10-30-13 | Blog Post
Before there was Twitter and LinkedIn, companies felt that it was better to hide bad news from customers. Airlines wouldn’t tell passengers why there was a delay. Hosting companies wouldn’t tell you about an outage or when dial up lines wouldn’t work.
Now with the adoption of social media, companies are becoming more transparent and sharing all types of company news or information – good or bad. The cloud computing and data center industry is no different.
In this video, Yan Ness discusses how social media has impacted cloud computing providers.
With the introduction of social media, customers were allowed to speak with one another without the company’s permission. It put companies on the defensive. Once someone had a bad experience, he or she told everyone. So companies had a choice to make. Be more transparent and less secretive or remain quiet and let their customers do the talking.
In the beginning, the data center industry was scared of being more open. They thought it would cause a lot of problems. But what it did was tighten the trust level between customers and companies.

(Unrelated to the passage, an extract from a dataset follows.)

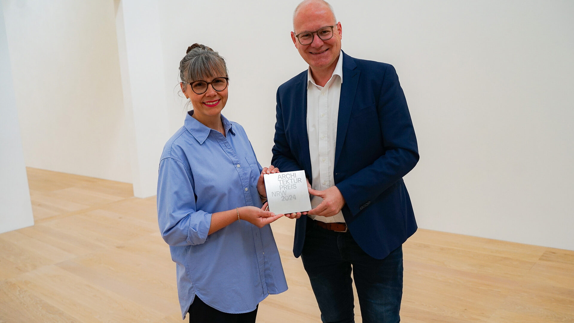 Die quadratische, silberne Plakette hat er direkt an Dr. Linda Walther, Direktorin des Josef Albers Museums Quadrat weitergereicht. „Durch den Anbau hat das Museumszentrum Quadrat acht überaus qualitätvolle Ausstellungsräume hinzubekommen,“ unterstreicht sie. „Sie geben uns die Möglichkeit, große internationale Projekte umzusetzen, wie die erste museale Einzelausstellung der US-amerikanischen Künstlerin Sheila Hicks in Deutschland, die wir am 12. Oktober eröffnen. Hinzugekommen sind ebenfalls zwei wunderbare Werkräume für die Bildung und Vermittlung, sodass wir ein reiches Programm an Workshops und Führungen anbieten können, die bei unseren Besucher*innen sehr beliebt sind. Der Anbau von Annette Gigon ist also nicht nur von herausragender ästhetischer Qualität, sondern er eröffnet uns ganz neue Möglichkeiten der in Museumsarbeit.“

For those companies that decided to jump in the “social media sandbox” and started to use social media tools, like Twitter or LinkedIn to share important information such as service interruptions, found they raised their customer trust level.
Cloud computing providers now tell their customers what is going on and what they are doing while the interruption is happening rather than have customers talk about it themselves. This is exactly what you want from a maturing industry. You want a really high degree of trust between customers and cloud computing providers.